### REQUIREMENT:
Every line from the line containing "wool, or stripes." through the end of the data is to be reproduced exactly, excluding pictures.

### TASK DATA:
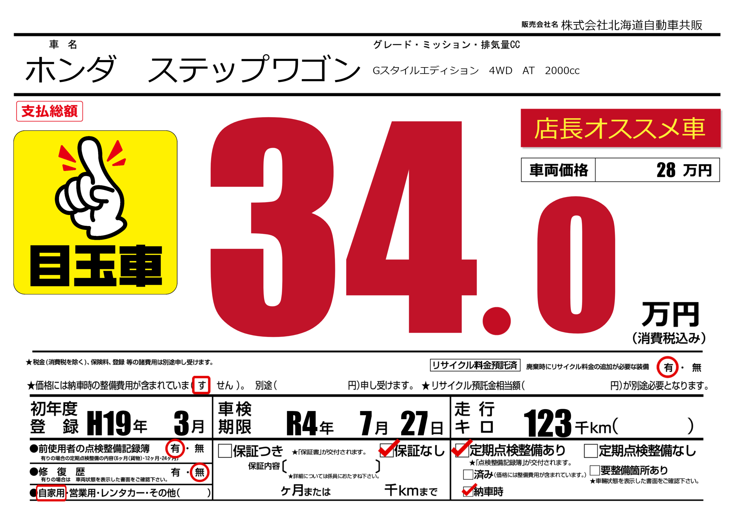 | 走行キロ | 12.3万km | 初年度登録 | H19年3月 |
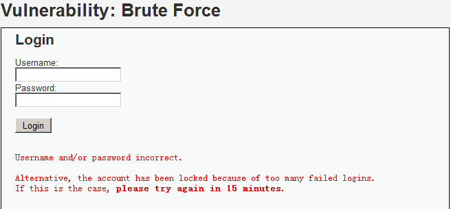 可以看到Impossible级别的代码加入了可靠的防爆破机制,当检测到频繁的错误登录后,系统会将账户锁定,爆破也就无法继续。
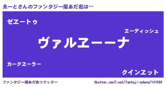 | 男性向けラノベタイトル風あだ名 | 『魔弾の王とゑーと』 |
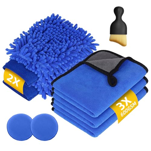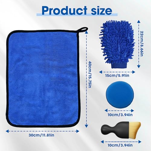🚗【Excellent quality car cleaning kit】Including 2 car wash mitts, 3 microfibre cleaning cloths, 2 waxing sponges and 1 ultra-soft car interior detailing brushes. The sets ensure effective cleaning of the interior and exterior of the car without leaving any scratches, cotton wool, or stripes.
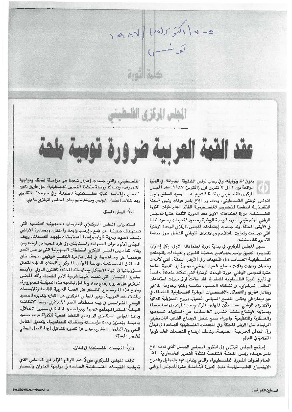 بعون الله وتوفيقه، في رحاب تونس الشقيقة المضيافة، في الفترة الواقعة بين 5 و 7 تشرين الأول/ أكتوبر 1987 عقد المجلس المركزي الفلسطيني برئاسة الشيخ عبد الحميد السائح رئيس المجلس الوطني الفلسطيني، وحضور الأخ ياسر عرفات رئيس اللجنة التنفيذية لمنظمة التحرير الفلسطينية القائد العام لقوات الثورة الفلسطينية دورة اجتماعاته الأولى بعد الدورة الثامنة عشرة للمجلس الوطني الفلسطيني، دورة الوحدة الوطنية وصمود المخيمات وصمود أهلنا في الأرض المحتلة، وقد جسدت اجتماعات المجلس المركزي الوحدة الوطنية التي ترسخت وتعززت بالتلاحم وبالالتفاف الوطني الشامل حول منظمة التحرير الفلسطينية.

### FINAL ANSWER:
🚗【Excellent quality car cleaning kit】Including 2 car wash mitts, 3 microfibre cleaning cloths, 2 waxing sponges and 1 ultra-soft car interior detailing brushes. The sets ensure effective cleaning of the interior and exterior of the car without leaving any scratches, cotton wool, or stripes.
 بعون الله وتوفيقه، في رحاب تونس الشقيقة المضيافة، في الفترة الواقعة بين 5 و 7 تشرين الأول/ أكتوبر 1987 عقد المجلس المركزي الفلسطيني برئاسة الشيخ عبد الحميد السائح رئيس المجلس الوطني الفلسطيني، وحضور الأخ ياسر عرفات رئيس اللجنة التنفيذية لمنظمة التحرير الفلسطينية القائد العام لقوات الثورة الفلسطينية دورة اجتماعاته الأولى بعد الدورة الثامنة عشرة للمجلس الوطني الفلسطيني، دورة الوحدة الوطنية وصمود المخيمات وصمود أهلنا في الأرض المحتلة، وقد جسدت اجتماعات المجلس المركزي الوحدة الوطنية التي ترسخت وتعززت بالتلاحم وبالالتفاف الوطني الشامل حول منظمة التحرير الفلسطينية.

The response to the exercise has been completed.